Well, we met up at London Victoria, at the left Luggage ramp at, ALMOST 12pm. In fact, i was early, nearly 40 minutes early, as was to meet DrDevil before others arrived. At first, i had problems even finding the Left Luggage area and wandered aimlessly for about 5 minutes after getting off my train. Great. If i can't find it, how will anyone else find it????

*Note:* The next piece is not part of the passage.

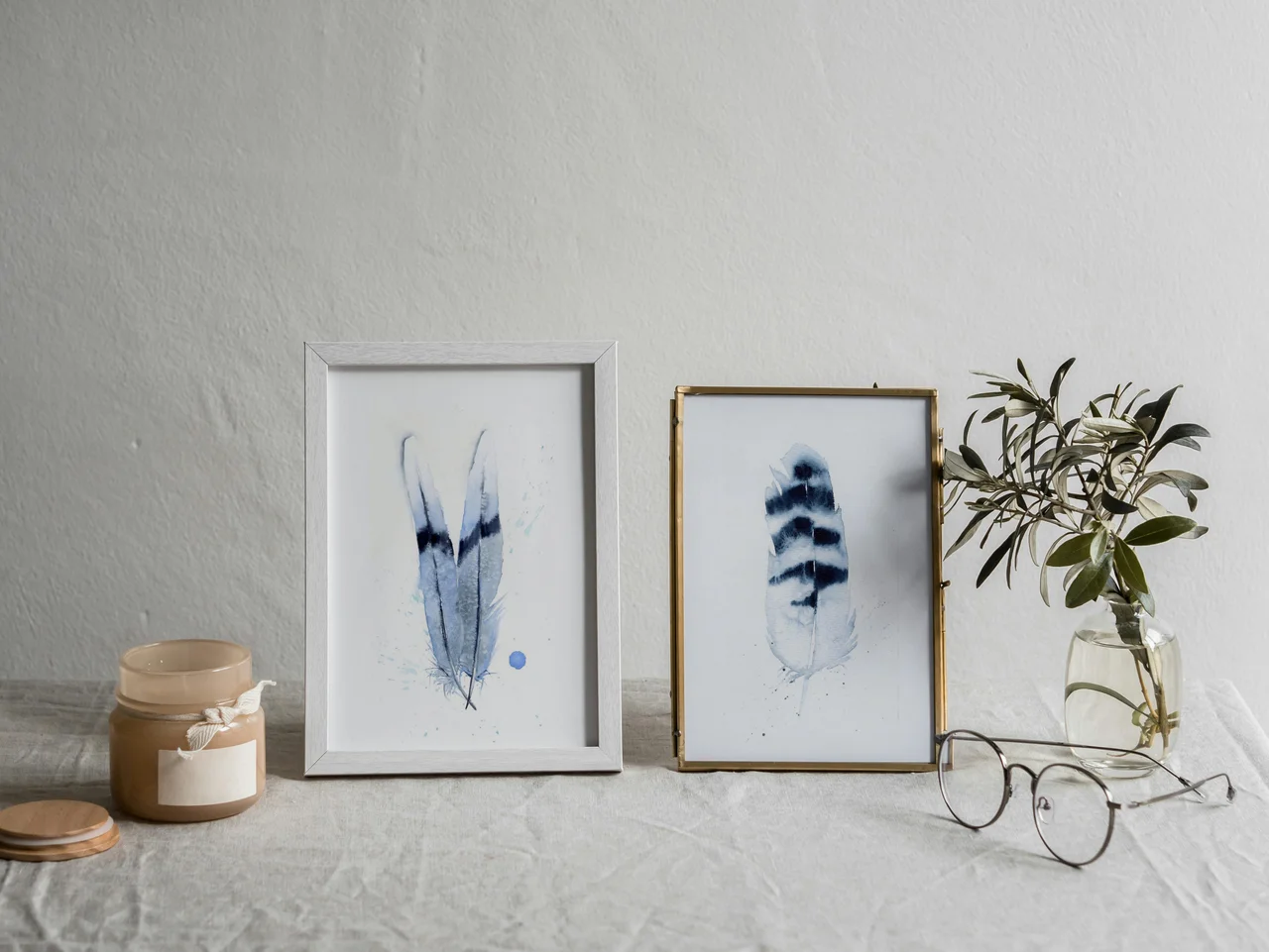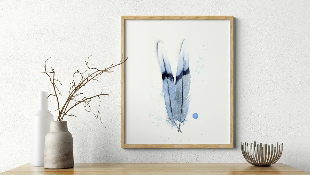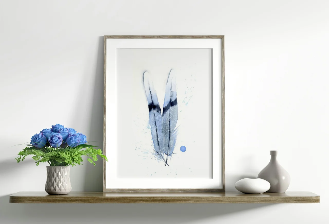 In this painting, I gently layered shades of soft blue and hints of gray using precise brushstrokes to create the delicate look of feathers. The subtle transitions between colors highlight their airy, free nature, while the deeper shades lend strength and depth. As I added splatters and drips around the edges, I wanted to show the unexpected beauty in life's imperfect moments and the quiet strength that arises from embracing them. — Shayna, April 2024

Anyway, i finally found a sign pointing to it! Alas, i couldn't see anyone there. So went and sat down at costa coffee. I then text our DrDevil to find out where he was, hmmm....then he walked up behind me. I had apparently looked right at him and walked past. The thing is, i have met him before. lol!I then recieved a message from JoT telling me she was there wearing a lilac top, black jeans and carrying a large red paperback. She craftily heard my mobile phone beep, then came over to join us. Yes, quite a gathering.After a while, and a cup of tea we decided to go to the left luggage area and wait. Then the lovely Joshua met us, shortly followed by Blossom, Carla777 and Jo. Excellent. One of the first things we thought was how to we ask who we are meeting. lol. What on earth do you say when meeting up with IBS sufferers. Most said, "Are you from the..." Yes yes, thats us. lol.We were missing a couple of people, Shadowz was one of them. We thought she might have got lost, same as me, looking for the left luggage. So, Joshua and i went on a search of Victoria station. We asked security to put an announcement over the loud speaker for her. They did it too. *"Could Shadowz please make her way to the left Luggage area but platform 7 to meet her party please. Thankyou".* She still didn't turn up. To say we were dissapointed was an understatement.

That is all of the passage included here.